Nikkei English News via NewsEdge Corporation : SYDNEY (Dow Jones)--
The Sydney Futures Exchange and State Forests of New South Wales, a
government-owned forestry concern, said Monday they have agreed to
develop a carbon credits trading market by mid-2000.

Carbon sequestration credits are based on the idea that trees absorb
carbon dioxide from the atmosphere and, thus, can be used to offset
pollution.

The 1997 Kyoto protocol of the U.N. Climate Change Conference, which
has yet to be ratified, set legally binding targets for individual
country's emissions of carbon dioxide, or greenhouse gases.
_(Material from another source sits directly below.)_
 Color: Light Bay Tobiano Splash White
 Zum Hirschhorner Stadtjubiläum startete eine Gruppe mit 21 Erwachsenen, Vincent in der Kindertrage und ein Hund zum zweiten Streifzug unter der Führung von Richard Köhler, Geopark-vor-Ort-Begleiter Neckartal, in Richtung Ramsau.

But it
also allowed countries with high emissions to buy carbon credits from
countries with lower emissions.

Governments are expected to set individual targets for companies
within their countries and those are likely to be met by carbon
credit trading, too, according to the SFE and State Forests.
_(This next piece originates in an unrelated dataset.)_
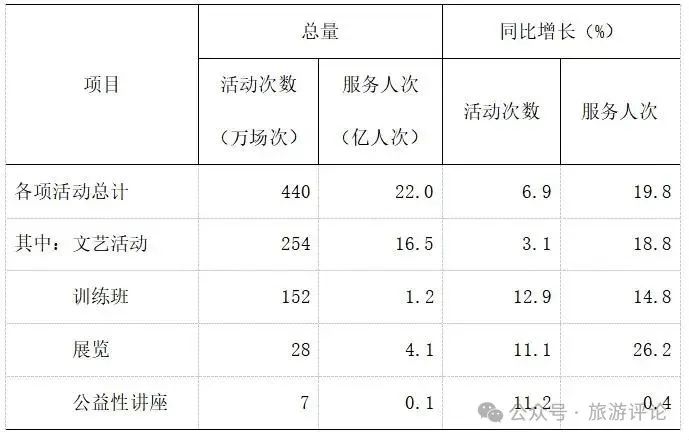 全年全國群眾文化機構(gòu)共組織開展各類文化活動440萬場,同比增長6.9%;服務22億人次,同比增長19.8%!

"By establishing an exchange-traded market for carbon credits before
the Kyoto Protocol comes into force, SFE can provide organizations
with an early opportunity to lock in a financial position and secure
a competitive advantage," Leslie Hosking, the chief executive of the
SFE, said in a statement.

State Forests, which is owned by the government of the Australian
state of New South Wales, has been pushing for some time to set up a
carbon credits market in Australia.

Earlier in August, State Forests said that it is working with
privateely held Victorian Plantation Pty. Ltd. of Australia to
develop an accounting method for the carbon stored in trees that
could be used in a trading system.

In July, Japan's Tokyo Electric Power Co. (J.TER or 9501) agreed to
participate in a forest plantation project promoted by State Forests.
And last year, State Forests sold carbon credits in the form of 1,000
hectares of hardwood plantation to a state-owned electricity
generator, Pacific Power.

"I believe we will increasingly see the environmental benefits of
forests becoming their primary commercial asset," said Bob Smith,
chief executive of State Forests. "Similar environmental markets
could be established for the role of forests in salinity control and
land repair."

On the new SFE market, the carbon absorbed by forests that comply
with Kyoto protocol requirements would form the underlying commodity
traded. Each unit traded would be electronically serialized and
denominated in one metric ton of carbon dioxide equivalent.

Buyers could purchase these credits as a hedge in a future emissions
trading market, or bundle them with product sales to create
emissions-free products, the SFE said.